(Feb, 7 2023) Ancient people believed that every change on earth was caused by some divine power. They further observed that such changes eventually affected the cycle of life in some way and that all life required a masculine trigger and a feminine time of maturation and growth. Yet the natural division of the life powers would have been between the plant and animal kingdoms
Caves generated a spooky feeling. It was dark and in the torchlight images of animals seemed to flicker in and out of existence on the walls. The earliest cave paintings in France and Spain were painted on these naturally formed wall patterns to bring out the animal spirits those patterns represented.

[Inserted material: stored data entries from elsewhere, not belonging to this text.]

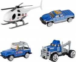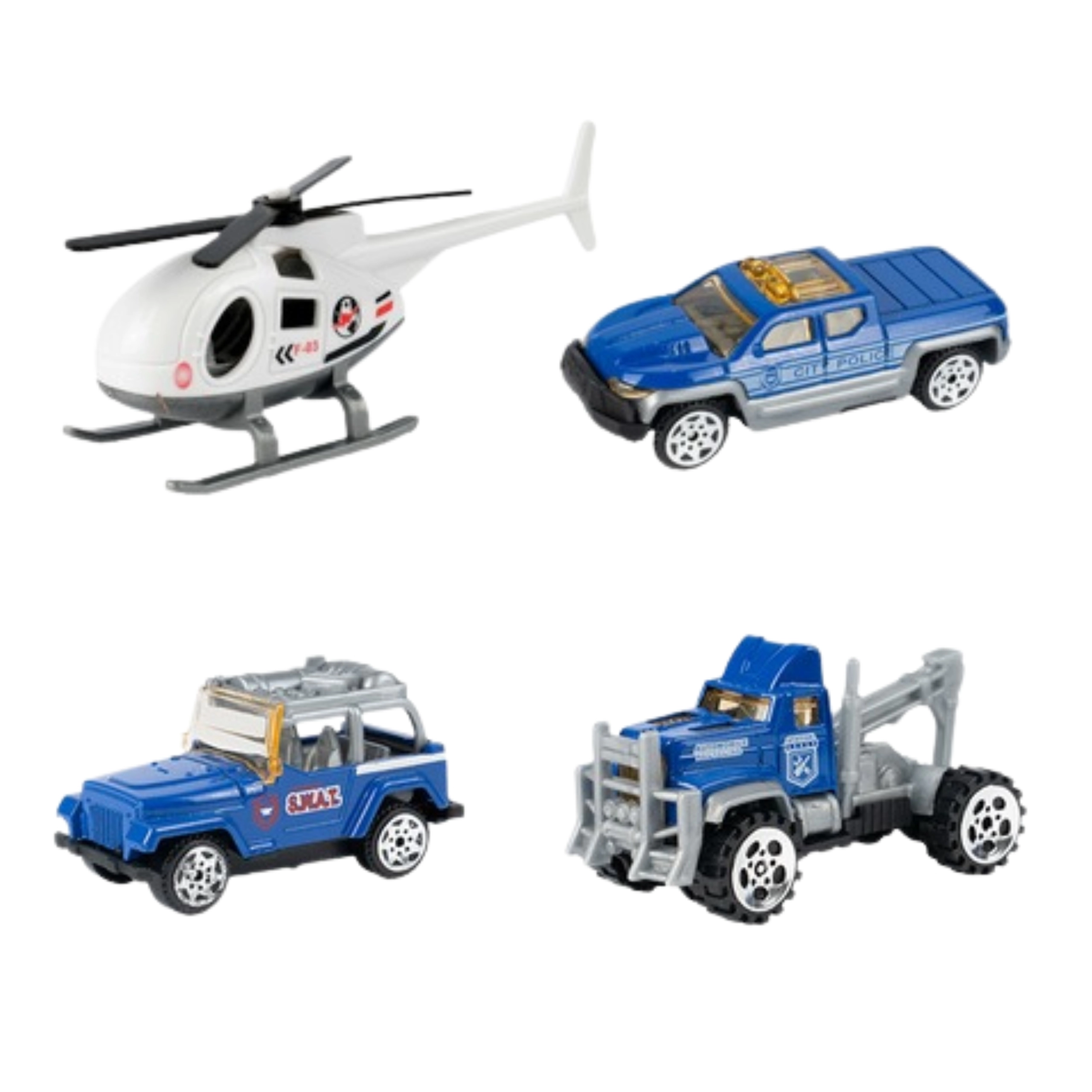 3 Metall-Polizeiautos (zufällige Modelle) + 1 Polizeihubschrauber
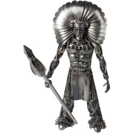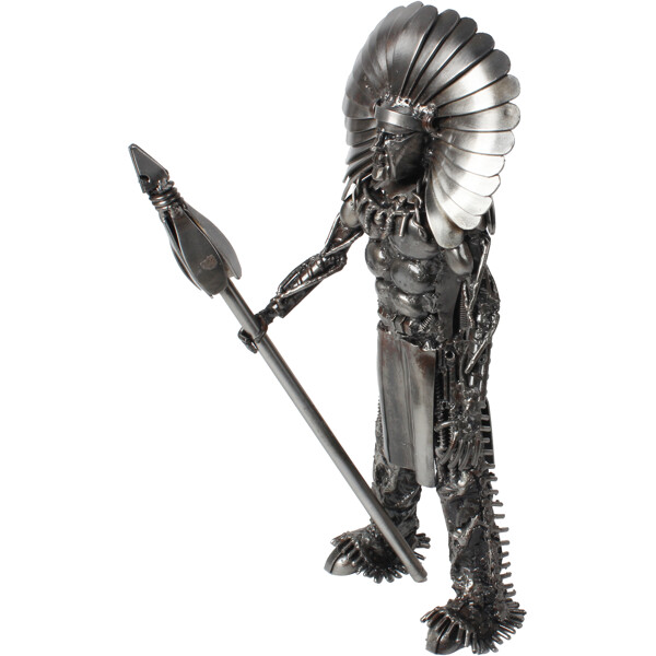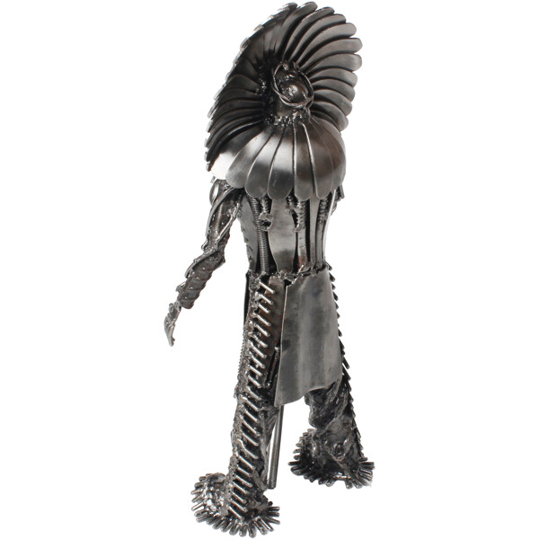 Erneuern Sie Ihr Zuhause mit unserem handgefertigten Stammeskrieger aus Metall, einem einzigartigen, zu 100 % handgefertigten Kunstwerk aus recyceltem Metall. Diese auffällige Figur ehrt die Kraft der Vorfahren und fügt sich mit ihrem markanten industriellen Charme in jede Einrichtung ein. Die detaillierte Anordnung der Metallfragmente schafft eine faszinierende Textur und Tiefe und macht sie zu einer perfekten Ergänzung für Ihr Zuhause oder Büro, um einen Hauch von kühner Charakterstärke und mechanischer Schönheit zu verleihen.
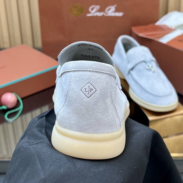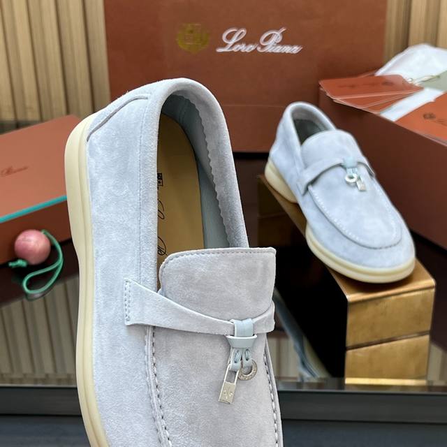 High-quality product with shipping box DDD Loro Piana Early Spring Newest Loafers Pendant Classic Series DDD Factory Direct from Dongguan DDD Loro Piana, an Italian high-end brand, is a top-tier luxury brand. Originating in cashmere, it pursues quality and craftsmanship, blending innovative technology with traditional Italian style. This brand has always been low-key, but it's considered a top-tier brand in the luxury goods industry. DDD Loro Piana has only a few stores in mainland China, but the quality is exceptional. Impeccable quality and luxurious materials are the pride of the Loro Piana brand, and this suede shoe perfectly combines both, leaving a lasting impression. After buying their shoes, you won't want to wear many other brands anymore; this is the evaluation of those who have worn these shoes. They won't tire your feet or cause blisters even after wearing them all day. This is due to their meticulous attention to material quality, resulting in such a wonderful feeling. DDD, a top-tier Italian luxury brand and supplier to the British Royal Family. Material: Original custom-made high-gloss, soft, and textured suede. Lining and Insole: Sheepskin lining; cowhide insole. Outsole: Exclusive 1:1 custom-made rubber outsole. Midsole: Italian genuine leather midsole with stamped size. Sizes: 35-42 (Women's 40, 41, 42). Custom orders are non-refundable. Packaging: Brand new 1:1 original packaging, includes a carrying bag and shipping box.
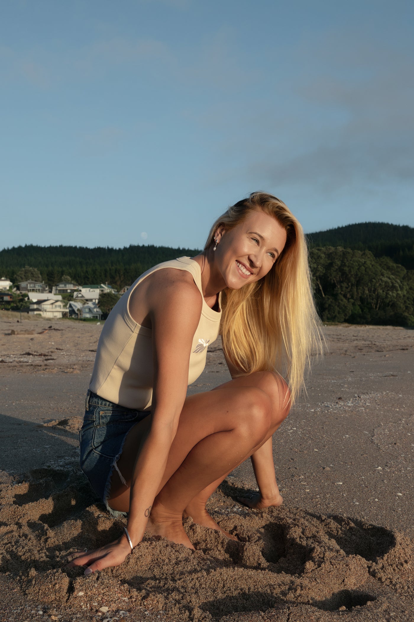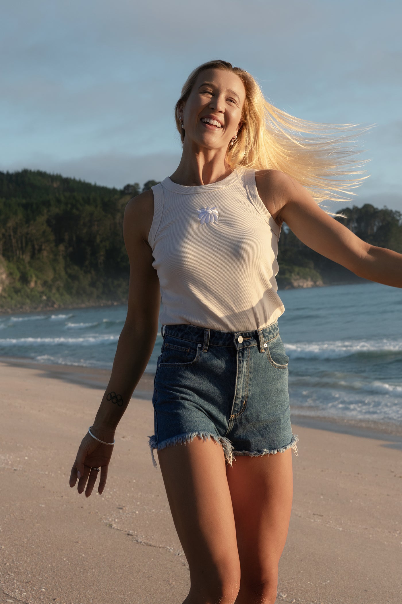 WHANGAMATA SURF SHOP RIBED FLOWER SINGLET - BONE
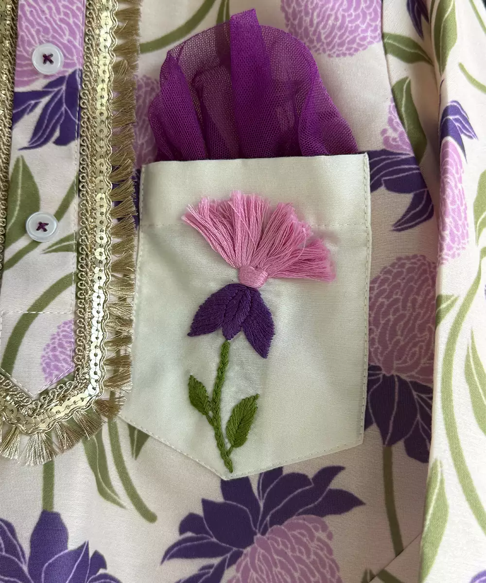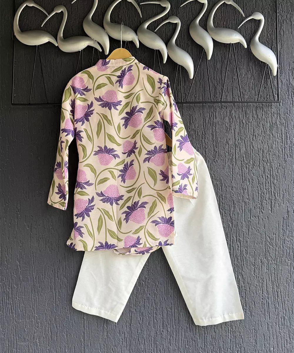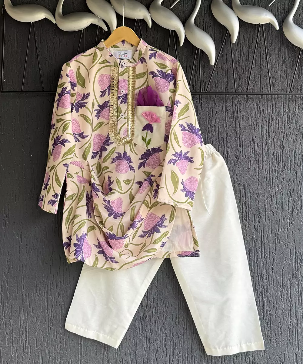 Off White Purple Cowl Digital Printed Kurta Set With Anchor Thread Embroidery Pocket.Lace Around The Neckline. Cotton Lining Inside The Kurta . Off White Or Floral Printed Pjama With Elasticated Waist .
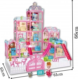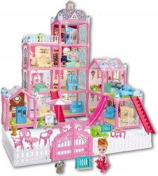 - Összeépíthető babaház, babafigura, kutyusfigura, bútorok és kiegészítők, kert kerítéssel és kapuval, lépcső, csúszda

Because of these visions and because caves breathed caves became the place of dead spirits awaiting to be reborn. These dead spirits were still alive but they had no form, no invisible "platonic" image. They were pure sparks of life and represented a motion source of the goddess Selu (Selene). Cave-like dark spaces such including space under the earth plane (the underdome) represent the dark place powers of the life goddess Kate (Hekate). The Hebrew word sheol translated as "the place of the dead" seems to derive from the Akkadian selu (šelû).
Paleolithic cave art is found worldwide with the paintings in Europe being the most numerous and skilled. (See Don’s maps). These European cave paintings peaked around 30,000-28,000 BCE and around 25,000-24,000 BCE.
Cave paintings were likely used in rituals to atone for the animal lives the tribe took during the hunt and to encourage the animals to return next year. Eventually the cave artists would paint animals on any cave surface as they ran out of room, even over older paintings so important was the ritual. Human spirits were represented more abstractly as hand prints probably because humans were not prey.
Evidence for ancestral human spirits is also found in caves in the form of painted hand and abstract figurines. They seem to have appeared later but lasted longer than the animal paintings having a date range of 30,000 to 12,000 BCE.